Speakers form various companies standing for photo

Published: Tuesday, 02nd April 2019

Over 20 community groups attended the Scottish Borders’ first ever Spring Seminar which helped launch this year’s Floral Gateway competition.

Spring seminar

The event saw speakers from a range of organisations and charities provide information and advice to local groups on a variety of topics including:

  • biodiversity
  • sustainable food production
  • potential funding streams

There was an opportunity to sign up for Floral Gateway 2019, recognising the efforts of communities to maintain the region.

Neighbourhoods Review

Groups were also provided with an update on the Neighbourhoods Review, which has been implementing changes to ensure environmental and financial sustainability of our services. The seminar reflected on the changes made last year to grasscutting maintenance, as well as proposals on the alternatives to bedding plant provision to be made this autumn, biodiversity and new wildflower areas due to be introduced.

Community proposals

Groups were given the chance to discuss specific proposals in their communities and creative ideas for the future which were aided by a series of spring seminar speakers who offered evidence of how groups can play their part to do things differently. They included:

  • Lisa Brydon, Wilton Lodge Park Volunteer Co-ordinator
  • John Wilkinson, Borders Beekeepers Association
  • Karen Birch, charity Abundant Borders
  • Shona Smith, our Communities and Partnerships Manager
  • Andrew Hogarth, East Lothian Council’s Amenity Services team

More details of the specific proposals for each community will be available within the next month on our website, with community groups welcome to get in touch in the meantime to discuss their local area.

Floral Gateway 2019

Classes

There are five classes which communities can enter:

  • Wee Village with a maximum population of 300
  • Small Village with a population between 301 and 1,000
  • Large Village with a population between 1,001 and 2,500
  • Town with a population over 2,500
  • Champion of Champions - each class winner from the previous year judged against each other

You can enter the Community Awards even if you are not entering the Floral Gateway competition.

The Community Awards are:

  • The Welcome Award - For first time entrants (or those returning after a lengthy absence) to the Floral Gateway competition
  • The Quality of Life Award – One or more award in each of our five areas (Berwickshire, Cheviot, Eildon, Teviot and Liddesdale and Tweeddale). This award will recognise the significant impact that a project, initiative or ongoing community involvement in each area has made to support, promote and enhance the quality of life in that area
  • The Clean and Tidy Award – This award will be determined by the points given for ‘Cleanliness’ as part of the judging of the Floral Gateway competition
  • The Border Biodiversity Award – Where a project, initiative or community wishes to be considered for their efforts in increasing the biodiversity of the region. This could be through local food production, recycling or through enhancing the region as a result of changed environmental management or maintenance

Entries for the Floral Gateway 2019 can be made now, with entry details and forms are available.

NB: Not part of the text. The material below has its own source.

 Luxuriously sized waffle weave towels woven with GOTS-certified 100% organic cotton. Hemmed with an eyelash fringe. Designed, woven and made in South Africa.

Councillor Sandy Aitchison, Executive Member for Neighbourhoods and Locality Services

“The first ever Scottish Borders Spring Seminar proved an excellent opportunity to engage with communities on a range of topics.

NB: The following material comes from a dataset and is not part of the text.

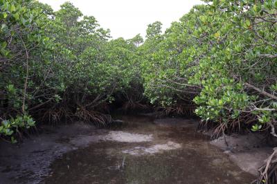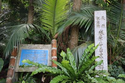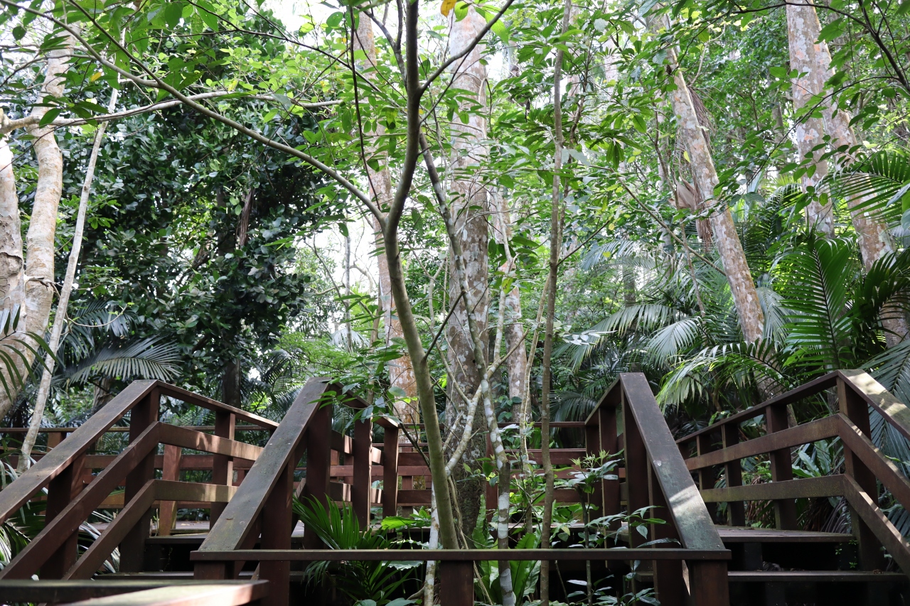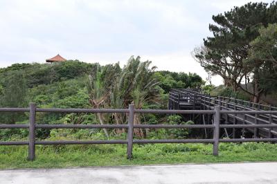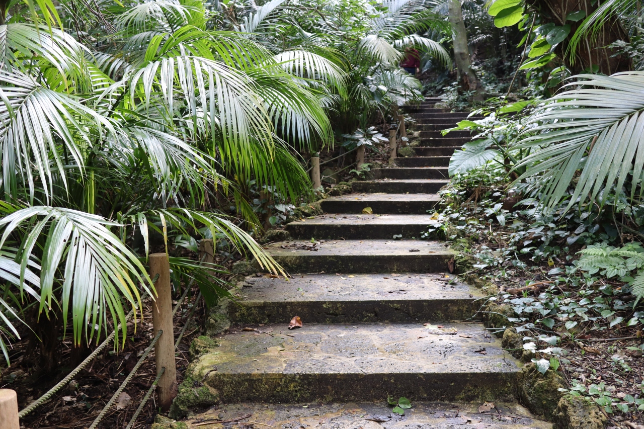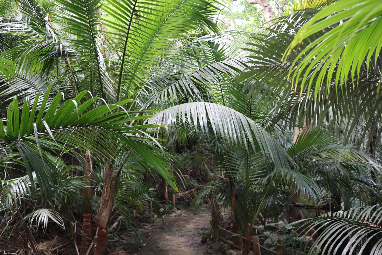 入口から遊歩道を進んで行くと左右はうっそうとしたヤシ林だらけ。遊歩道は数十メートルも行かずに小舞台のような四角い場所で突き当り折り返しになります。

“The speakers provided the groups with plenty of imaginative ideas and highlighted how working together can ensure we all play our part to maintain our beautiful region for local people and visitors.

“We know 2018 was a challenging year in terms of the changes to grasscutting maintenance but we need to do things differently due to the significant financial challenges we are now facing.

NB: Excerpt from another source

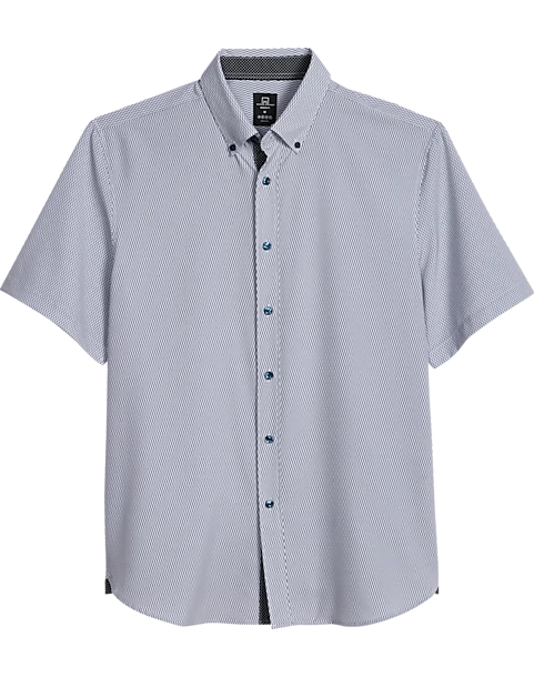 Look your best in comfort with this short sleeve sport shirt by Michael Strahan. Featuring a cool and comfortable poly blend fabric with four-way stretch this fine shirt has a sharp button-down collar and trim Modern Fit.

“This year that means deciding what to do with bedding plants, with options including introducing hardy annual or perennial flowering plants or turfing over areas, which is why the input of local community groups is so important ahead of any decisions being made.

“We are also now focussing on improving the biodiversity of the Borders and we would again like to hear from more community groups or organisations who want to engage with us on this topic.

“This includes any groups wanting to enter the Floral Gateway awards which take place in September, when we hope to host another seminar following the success of our first one.”

Further Information

An image of the Spring Seminar speakers, Floral Gateway logo and past winners is available on our Flickr page.

Under the Nature Conservation (Scotland) Act (2004), all public bodies in Scotland are required to further the conservation of biodiversity when carrying out their responsibilities.